◆ TASK PROMPT:
Return the lines of the listing below exactly as they appear, beginning at the one with "42 QT Portable" and stopping after the one with "Ten niewielkich rozmiarów"; do not include pictures.
(Beginning of RECORDS FOR THIS EXERCISE)
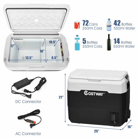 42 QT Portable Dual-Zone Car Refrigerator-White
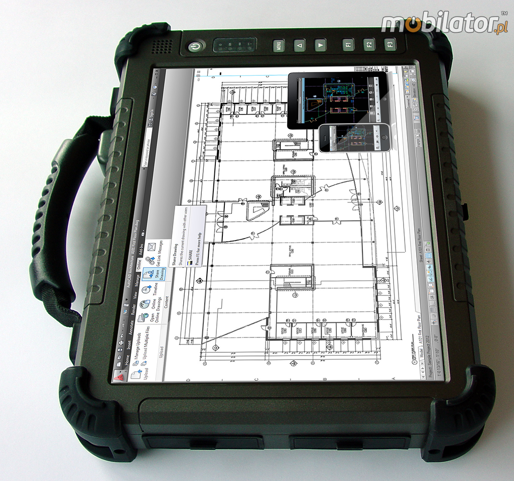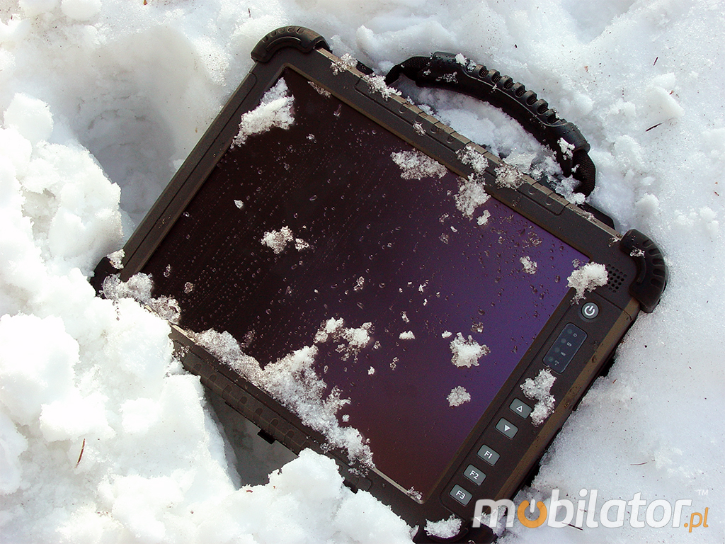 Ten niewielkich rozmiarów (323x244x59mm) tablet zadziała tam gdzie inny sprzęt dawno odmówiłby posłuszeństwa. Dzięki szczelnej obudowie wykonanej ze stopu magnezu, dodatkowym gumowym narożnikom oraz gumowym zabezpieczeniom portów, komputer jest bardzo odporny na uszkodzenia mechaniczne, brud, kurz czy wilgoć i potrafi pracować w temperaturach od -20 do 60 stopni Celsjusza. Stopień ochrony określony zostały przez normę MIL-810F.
(End of RECORDS FOR THIS EXERCISE)
(Beginning of RECORDS FOR THIS EXERCISE)
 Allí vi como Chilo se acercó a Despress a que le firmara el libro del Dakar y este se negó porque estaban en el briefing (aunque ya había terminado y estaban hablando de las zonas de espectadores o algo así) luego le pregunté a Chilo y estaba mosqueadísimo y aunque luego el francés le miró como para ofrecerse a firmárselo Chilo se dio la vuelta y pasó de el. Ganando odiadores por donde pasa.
(End of RECORDS FOR THIS EXERCISE)
(Beginning of RECORDS FOR THIS EXERCISE)
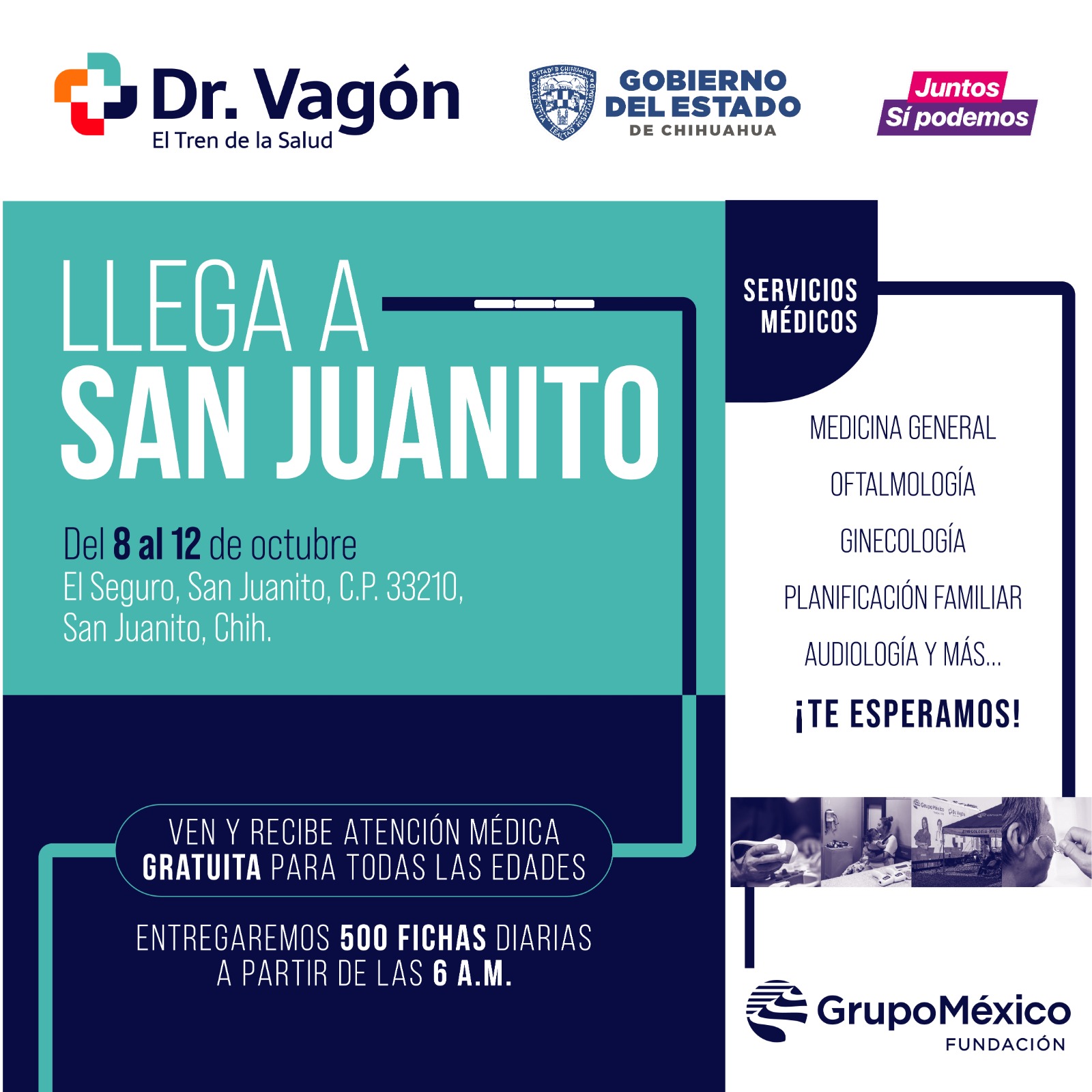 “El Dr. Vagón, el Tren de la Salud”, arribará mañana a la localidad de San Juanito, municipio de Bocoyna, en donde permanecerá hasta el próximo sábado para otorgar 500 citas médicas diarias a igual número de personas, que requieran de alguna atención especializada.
(End of RECORDS FOR THIS EXERCISE)
◆ SOLUTION TO THIS TASK:
 42 QT Portable Dual-Zone Car Refrigerator-White
 Ten niewielkich rozmiarów (323x244x59mm) tablet zadziała tam gdzie inny sprzęt dawno odmówiłby posłuszeństwa. Dzięki szczelnej obudowie wykonanej ze stopu magnezu, dodatkowym gumowym narożnikom oraz gumowym zabezpieczeniom portów, komputer jest bardzo odporny na uszkodzenia mechaniczne, brud, kurz czy wilgoć i potrafi pracować w temperaturach od -20 do 60 stopni Celsjusza. Stopień ochrony określony zostały przez normę MIL-810F.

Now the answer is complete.